Announcement

Collapse
No announcement yet.
X
  • Filter
  • Time
  • Show
Clear All
new posts

  • Efficient way to make draws for each observation and write to dataset in memory

    I am looking a for an efficient way to make draws from a dataset for each observation and write the data for those draws to that observation to new variables.

    Example:
    I have a dataset of pairs of jobs at two different locations within the same firm. Next I wish to add a randomly selected job (half of a pairing) at a different firm and with different other characteristics such as wage but with the same location, SOC, PayFrequency, SalaryType, and Year as the first job in the pairing. I would write the characteristics of this drawn job to new variables and do this for each observation (pairing).

    More detail on what we tried:
    So far we have tried looping through individual observations, which was not efficient (computationally impossible with millions of observations). We tried two methods looping through the observations. First, keeping an appropriate subset of the data and then sampling a single observation from that subset and saving it to disk. Then we also tried preserving the big dataset, keeping an appropriate subset and sampling an observation, writing all of the variable values to macros, restoring the big data, and then writing to that observation with the macro values.

    We also tried joining by the desired same characteristics and then keeping only observations in which the draw was from a different firm and met other criteria, but this rapidly exceeded memory available.

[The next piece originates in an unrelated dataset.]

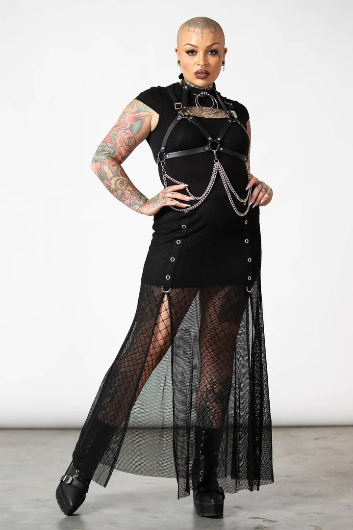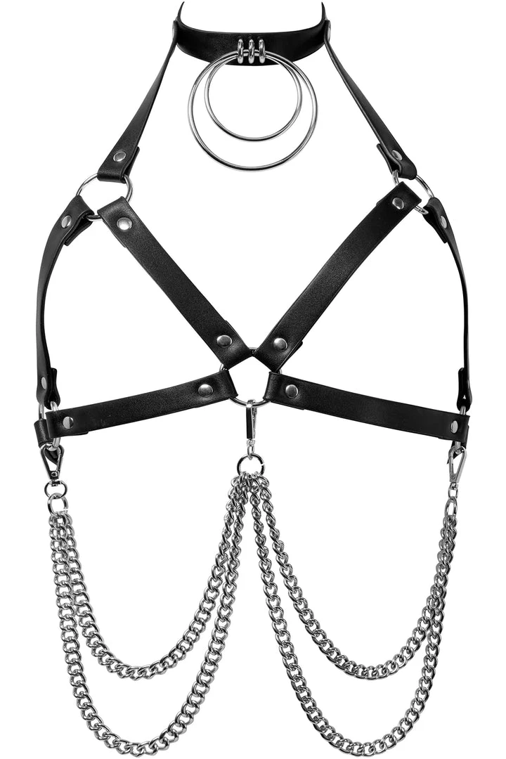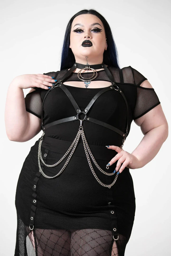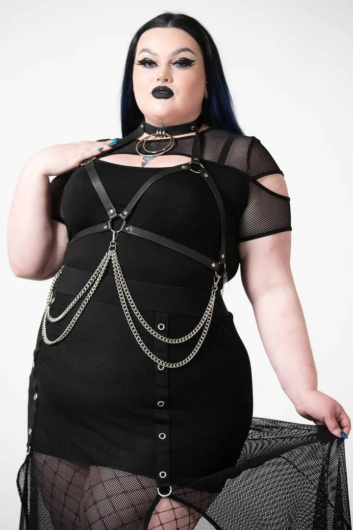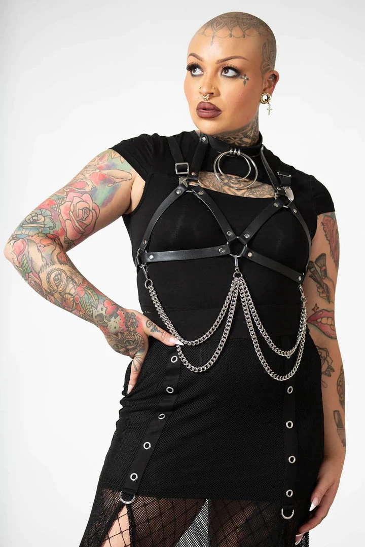 Push them to the edge and complete your look with this statement chain harness from Killstar! Featuring a soft faux-leather body with double O ring choker, chest strap, metal hardware and detachable chains. Adjustable size. Add onto any outfit to create instant drama!

    Thanks in advance for any help. I should mention we are using Stata 15.
    Last edited by Isaac Liu; 06 Oct 2020, 08:06.

  • #2
    Here is some sample code for the joinby attempt, which runs out of memory:

    *create a job characteristics group variable
    egen g_job_char = group(`2')

    save draw_ready.dta, replace

    *create a local of key variables for draws
    local draw_vars = "State Employer CommutingZone Year OES_wage occ_weight FirmSector FirmNAICS3 Region census_region top_establishment establishment_size firm_size mean_salary_psy_trim mean_salary_psyo_trim mean_salary_no_trim ms_psy_trim_over_num ms_psyo_trim_over_num ms_no_trim_over_num vacs mean_edu min_range establishment_job_size SOC PayFrequency SalaryType Establishment obs_per_firm_period num_loc"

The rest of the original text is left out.